The big debate is between those who think the authorities are being too tight and those who think they are being too loose. Broadly, Europeans are on one side. Americans are on the other. The Europeans are tightening up. The Americans are letting rip. They’re both wrong, as far as we’re concerned.
It’s all nonsense. Just goes to prove our dictum that people come to think what they must think when they must think it. The Euro-feds can’t afford to think they can loosen up. Their lenders have already laid down the law: ‘Keep spending like the Greeks and we’ll hit you with Greek-style interest rates.’
Just a few weeks ago the Greeks were forced to pay 16% interest. At that rate, borrowing is out of the question. You’re effectively cut off. Because the more you borrow, the higher your interest rate. Soon, you run out of money.
As Nouriel Roubini put it, ‘austerity is not optional.’ Since it’s not an option, but a necessity, there’s no point in thinking anything else. You might like to spend more money, but you know you can’t get away with it.
The US doesn’t have to think about austerity. Not yet, at any rate. They’ve got the whole world ready to lend them money. ‘Here, take a drink of rice wine,’ say the Chinese. ‘Here is some champagne,’ say the Europeans. ‘And here’s a bottle of whiskey,’ say the jokers in the back of the room.
It is only a matter of time before Americans fall down.
“The best policy is to put together measures that sustain strong growth in demand in the short run,” writes Wolf in yesterday’s Financial Times, “while constraining the huge deficits in the long run. It’s like walking and chewing gum at the same time. Why should that be so hard?”
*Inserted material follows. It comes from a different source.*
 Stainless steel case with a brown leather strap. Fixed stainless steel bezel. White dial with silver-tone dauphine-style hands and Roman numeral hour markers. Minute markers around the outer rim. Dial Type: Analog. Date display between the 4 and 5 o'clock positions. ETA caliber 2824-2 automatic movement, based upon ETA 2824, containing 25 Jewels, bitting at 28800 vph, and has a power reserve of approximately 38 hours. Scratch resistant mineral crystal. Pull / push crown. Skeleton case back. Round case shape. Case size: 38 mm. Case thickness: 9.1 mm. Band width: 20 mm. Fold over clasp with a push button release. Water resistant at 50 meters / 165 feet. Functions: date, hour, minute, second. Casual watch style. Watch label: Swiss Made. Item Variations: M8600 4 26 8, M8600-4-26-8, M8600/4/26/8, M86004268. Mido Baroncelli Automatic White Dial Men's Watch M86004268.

He says you can forget about a quick recovery. Japan has been hoping for a quick recovery for the last 20 years. It’s been following the Krugman-Wolf approach – stimulating demand with fiscal policy. That is, it spends more than it collects in taxes, counting on the extra government spending to light a fire under the private sector.
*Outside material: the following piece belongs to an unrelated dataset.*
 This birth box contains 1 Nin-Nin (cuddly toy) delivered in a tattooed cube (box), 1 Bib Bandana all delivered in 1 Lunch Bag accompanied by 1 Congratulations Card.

But that won’t happen, says Koo. The private sector won’t start spending again until it has finished de-leveraging. Paying off debts takes a long time – especially when the government keeps bailing you out. So prepare for a long slump in the private sector economy.
So far, so good. But then Koo takes the classic Keynesian line. Like Krugman and Wolf, he believes the government should replace private spending with spending of its own.
It sounds logical enough. At least if you don’t think about it too much. An economy is the sum of spending and investing. If the private sector goes into a funk and stops spending and investing, the economy shrinks. So why shouldn’t the government step in and help out a bit?
Koo thinks so. Krugman, who won a Nobel Prize in economics, thinks so. Wolf, who heads up the worlds’ most influential financial journal, thinks so.
Well, count on us, dear reader. We don’t think so.
A real economy is much too complex for such simpleminded management. It is an organic system that delivers to people what they want (markets give them what they deserve). An economy doesn’t necessarily correspond to what academic economists think it should be…or necessarily do what they think it ought to do…or sit still long enough so they can tell what the hell it is doing.
A real economy has a mind of its own. It doesn’t care about their GDP growth rates. Whether people lose their jobs or not is not its problem. And it certainly doesn’t intend to help politicians get re-elected.
Sometimes people want to spend. Sometimes they want to save. Keynes identified this “propensity to save,” as though it were an unpardonable sin. If the people won’t spend, we’ll spend for them, he said…or words to that effect. But why shouldn’t people be allowed to save money rather than spend it?
‘Because the economy might collapse,’ says the Krugman-Wolf-Koo crowd.
‘So what?’ answers The Daily Reckoning.